Conditional Operator (on MSDN)
The Conditional Operator ("?") is the SSIS way of expressing "IF".  It's actually extremely familiar to VB users if they think in terms of an IIF, or C# users' ? ternary operator.  There are three "arguments" (parts, really) to a Conditional Operator expression - and I recommend enclosing each part in parentheses, as well as the whole thing in parentheses to separate everything clearly.
The operator is used in this format: (condition) ? (true expression) : (false expression). 
The "condition" argument must evaluate to true or false.  Typically, the condition is going to be ISNULL([date string]), or a comparison to a literal string such as [date string] = "October".

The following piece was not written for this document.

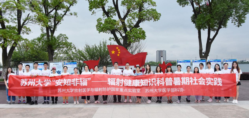 为全面普及辐射健康知识,提升全民辐射安全意识,2019年7月10日至15日,来自苏州大学医学部学生科技协会的大学生们在苏州市范围内开展了“安知非辐”—辐射健康知识科普暑期社会实践活动。本活动由苏州大学团委、医学部团委主办,放射医学协同创新中心及医学部学生科技协会承办。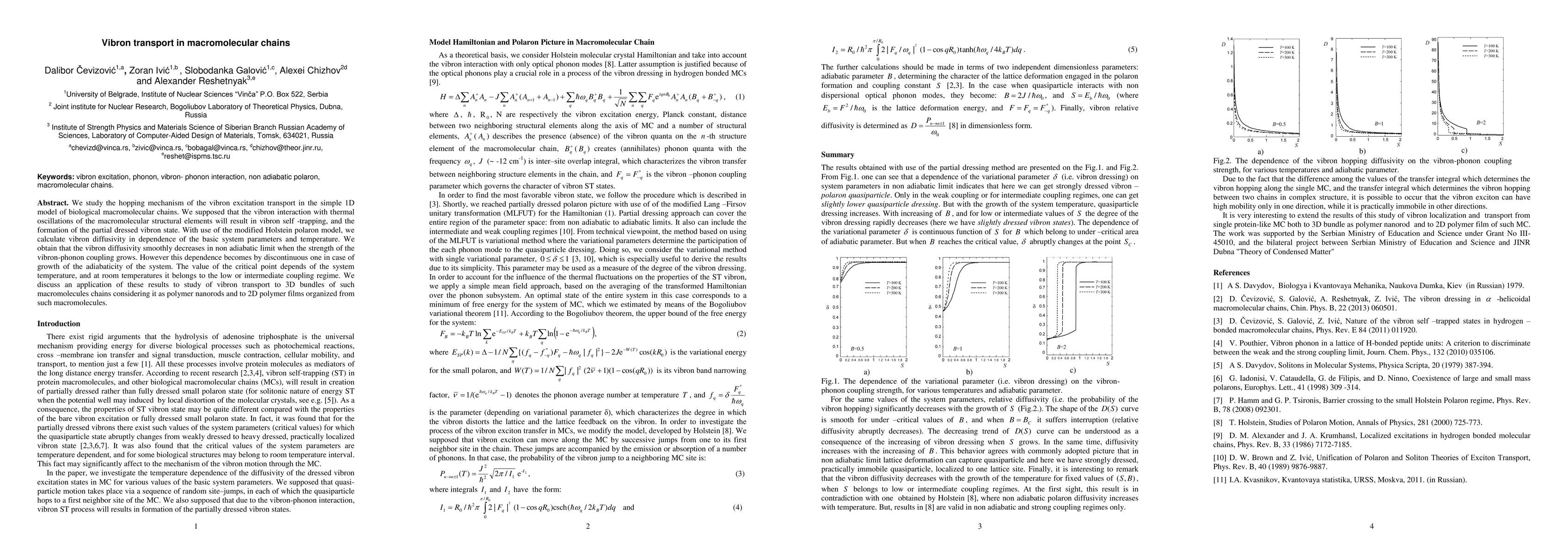 We study the hopping mechanism of the vibron excitation transport in the simple 1D model of biological macromolecular chains. We supposed that the vibron interaction with thermal oscillations of the macromolecular structural elements will result in vibron self -trapping, and the formation of the partial dressed vibron state. With use of the modified Holstein polaron model, we calculate vibron diffusivity in dependence of the basic system parameters and temperature. We obtain that the vibron diffusivity smoothly decreases in non adiabatic limit when the strength of the vibron-phonon coupling grows. However this dependence becomes by discontinuous one in case of growth of the adiabaticity of the system. The value of the critical point depends of the system temperature, and at room temperatures it belongs to the low or intermediate coupling regime. We discuss an application of these results to study of vibron transport to 3D bundles of such macromolecules chains considering it as polymer nanorods and to 2D polymer films organized from such macromolecules.

The "true expression" and "false expression" can evaluate to any data type you want - but in our situation, that's most likely to be some kind of string expression that will later get converted into a date type.
Nesting Functions
It is quite common to have to nest the above functions and techniques deeply - to the point of being shocking if you don't have to at all.  "Nesting" means using the results of some of the above functions as arguments for more functions.  A common occurrence is using the results of FINDSTRING and LEN to supply the second and third arguments to SUBSTRING.  Since it's quite a common requirement, here are some tips to use nesting reasonably:
* Use parentheses.  It's maddeningly unclear to me - especially in Conditional Operator use - if parentheses are not used to group up the parts.
* Don't nest too far.  The editor for expressions in the Derived Column component isn't great - it's a single line scroller.  If your expression is complex and nested deep, then debugging it will be very hard.  It's a judgement call on your part as to how complicated you let it get.  What's your alternative?  Cascading.
Cascading Derived Column Components
Instead of having a thousand character expression to decode a single column, or repeating the same SUBSTRING or FINDSTRING functions three or four times, you might want to cascade Derived Column components.
When I say cascading, I'm referring to placing two (or more) Derived Column transformations on your data flow one after the other.  The output from the first Derived Column transformation is input into the second, and so on.  With this technique, you can decompose a VERY complex reformatting problem into a very simple step by step approach. 
If you are reformatting a variable length string, this can be quite effective.  Use the first Derived Column transform to create columns that contain the "answers" to your FINDSTRING questions.  For our running example of "2008-1-10", you can create a column called "month starts at index" that gets filled with FINDSTRING([date string], "-") + 1, and a column called "month ends at" that gets filled with FINDSTRING([date string], "-", 2) - 1.  Your second Derived Column transform would then have a very easy expression for SUBSTRING to retrieve the month value.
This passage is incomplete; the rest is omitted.